Ubiquitin-conjugating enzymes (E2s) are the central players in the trio of enzymes responsible for the attachment of ubiquitin (Ub) to cellular proteins. Humans have ∼40 E2s that are involved in the transfer of Ub or Ub-like (Ubl) proteins (e.g., SUMO and NEDD8). Although the majority of E2s are only twice the size of Ub, this remarkable family of enzymes performs a variety of functional roles. In this review, we summarize common functional and structural features that define unifying themes among E2s and highlight emerging concepts in the mechanism and regulation of E2s.

However, I will not go into details about these aspects, because we have better things to do: we still have to discuss the E3 phase!

 

The E3 step of ubiquitination.

This is the last phase of ubiquitination, where the ubiquitin tag is finally transferred to the target protein, as initial mono-ubiquitination, or to build an ubiquitin chain by following ubiqutination events. The proteins which implement this final passage are call E3 ubiquitin ligases. Here is the definition from Wikipedia:

A ubiquitin ligase (also called an E3 ubiquitin ligase) is a protein that recruits an E2 ubiquitin-conjugating enzyme that has been loaded with ubiquitin, recognizes a protein substrate, and assists or directly catalyzes the transfer of ubiquitin from the E2 to the protein substrate.
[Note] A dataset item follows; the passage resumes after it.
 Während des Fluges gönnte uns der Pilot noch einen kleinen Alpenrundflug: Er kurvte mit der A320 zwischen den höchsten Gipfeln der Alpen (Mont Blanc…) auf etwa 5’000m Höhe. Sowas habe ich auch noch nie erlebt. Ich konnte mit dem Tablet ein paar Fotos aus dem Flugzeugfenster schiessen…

It is rather obvious that the role of the E3 protein is very important and delicate. Indeed it:

  1. Recognizes and links the E2-ubiquitin complex
  2. Recognizes and links some specific target protein
  3. Builds the appropriate tag for that protein (Monoubiquitination, mulptiple monoubiquitination, or poliubiquitination with the appropriate type of ubiquitin chain).
  4. And it does all those things at the right moment, in the right context, and for the right protein.

IOWs, the E3 protein writes the coded tag. It is, by all means, the central actor in our complex story.
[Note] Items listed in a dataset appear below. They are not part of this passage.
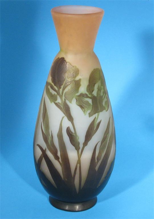 A large Galle cameo glass vase shouldered form, brown and yellow over graduated pink with flag iris stems cameo Galle signature 40cm. high
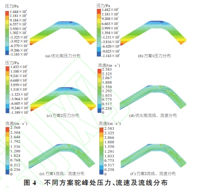 c.對駝峰段角度進行優化,優化前、方案1、方案2對流場分布影響不大,主要影響虹吸形成時間。3種方案虹吸形成時間分別為504、518、448s,駝峰段前角度增加10,,可有效縮短虹吸形成時間。
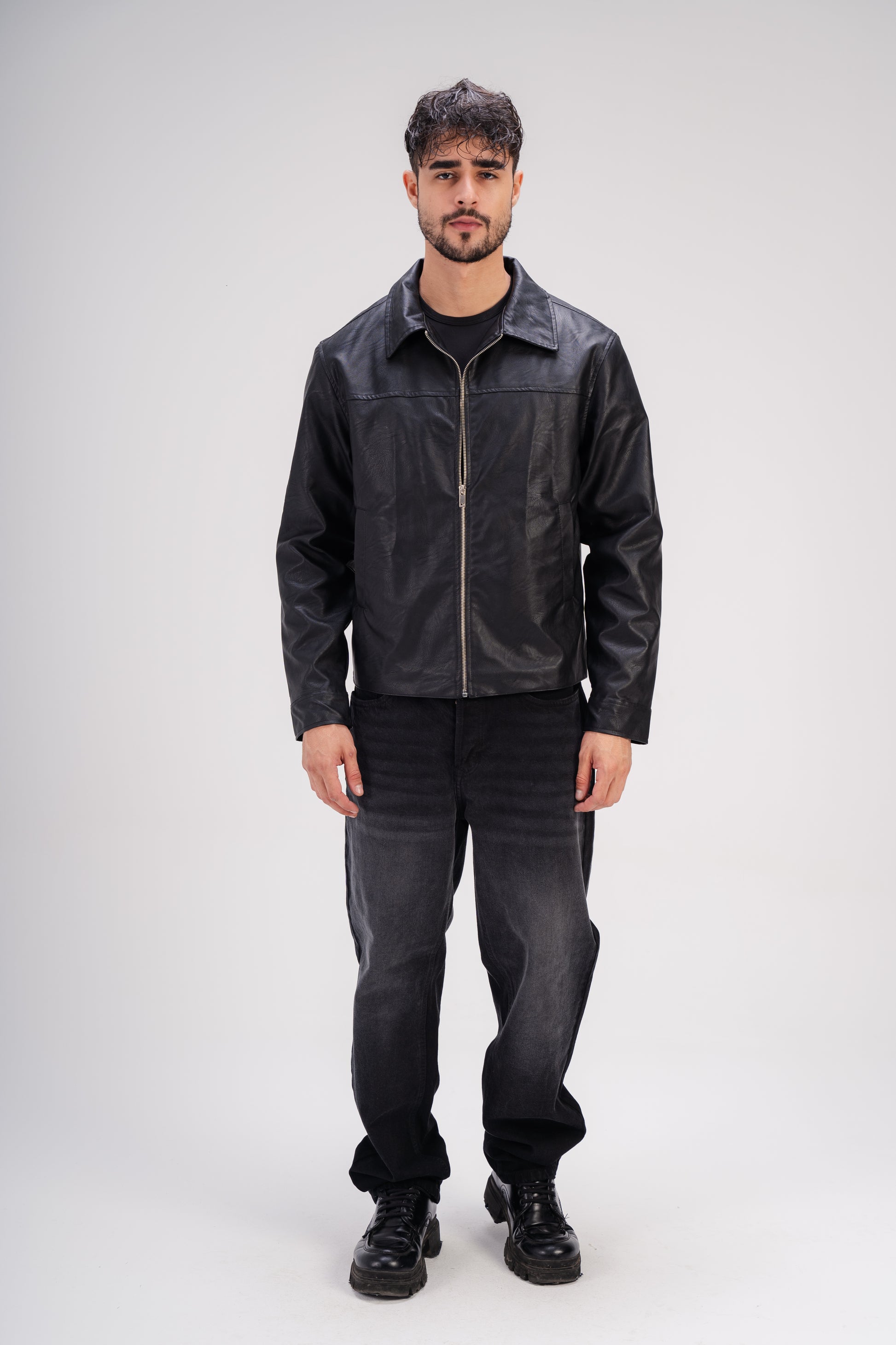 Upgrade your style with this sleek black faux leather jacket for men. Designed with a smooth zip-up front, sharp shirt-style collar, and a clean modern cut, it combines timeless elegance with everyday comfort. Perfect for casual outings or evening wear, this jacket adds a bold, confident edge to any outfit.

So, here comes the really important point: how many different E3 ubiquitin ligases do we find in eukaryotic organisms? And the simple answer is: quite a lot!

Humans are supposed to have more than 600 different E3 ubiquitin ligases!

So, the human machinery for ubiquitination is about:

2 E1 proteins  –  40 E2 proteins – >600 E3 proteins

A real cascade of complexity!

OK, but even if we look at single celled eukaryotes we can already find an amazing level of complexity. In yeast, for example, we have:

1 or 2 E1 proteins  –  11 E2 proteins – 60-100 E3 proteins

See here:

The Ubiquitin–Proteasome System of Saccharomyces cerevisiae

Now, a very important point. Those 600+ E3 proteins that we find in humans are really different proteins. Of course, they have something in common: a specific domain.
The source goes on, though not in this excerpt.